The Story
Why it exists.
The beginning
The third chapter in a collaboration that started as a surprise and became a signature. By 2019, John Varvatos and Nick Jonas had already proven the formula worked, but this installment came with a different brief. Not just another joint fragrance. Something that captured what it feels like the moment the day shifts from possibility to momentum. The perfumers, Nathalie Benareau and Carlos Viñals, were handed a concept built around that specific feeling and told to build a scent that felt like the first hour after sunrise. Not metaphorical sunrise. The actual sensation of a day that hasn't decided what it is yet.
The choice to anchor the composition in mineral notes rather than the expected aquatic or citrus-heavy structure is what separates this from a dozen similar fragrances. Calabrian bergamot and Italian lemon do their job in the opening, bright and immediate, but the mineral accord is the real story. It sits in the top notes alongside the citrus, not waiting to be discovered in the base.

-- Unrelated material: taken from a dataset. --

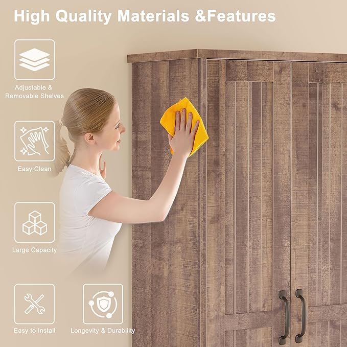 - Large Storage & Multi-Purpose: Our large storage cabinet can store such as tableware storage, dry goods, cleaning supplies, electrical appliances, nursing supplies, large items, entertainment supplies, bedding, electronic products etc.; Tall storage cabinet are suitable for kitchens, bathroom, living rooms, dining room, restaurants and other scenes

That's unusual. Most fragrances bury the mineral element or treat it as an afterthought. Here, it's the backbone that keeps the citrus from flying apart and the drydown from going sweet. Sage and orris in the heart keep things herbal and powdery without tipping into grandpa territory. The combination works because nothing is trying too hard.
The evolution
The opening is fast and clean. Bergamot and lemon arrive together, electric and immediate, the mineral accord right there with them, not waiting its turn. Within minutes, the sage and orris move in, taking the edge off the citrus, shifting the character from bright to something cooler, more considered. The heart phase is where this fragrance earns its keep. The mineral-pebble accord, present from the start, doesn't disappear. It deepens, becomes the thing the sandalwood and patchouli rest on. This is the surprise. Four to six hours in, when most EDT-strength fragrances have already started to fade, the mineral-woody base is still there, close to the skin, still mineral, still interesting. On fabric, it lasts into the next day.
Cultural impact
Wearers describe it as the scent of someone who walks in without needing to announce themselves. The mineral-citrus-aromatic combination fills a specific gap between clean-synthetic aquatic fragrances and heavier woody compositions. The 2019 launch positioned it in a crowded fresh fragrance market, but the mineral backbone gives it a point of view that keeps it from disappearing into the category.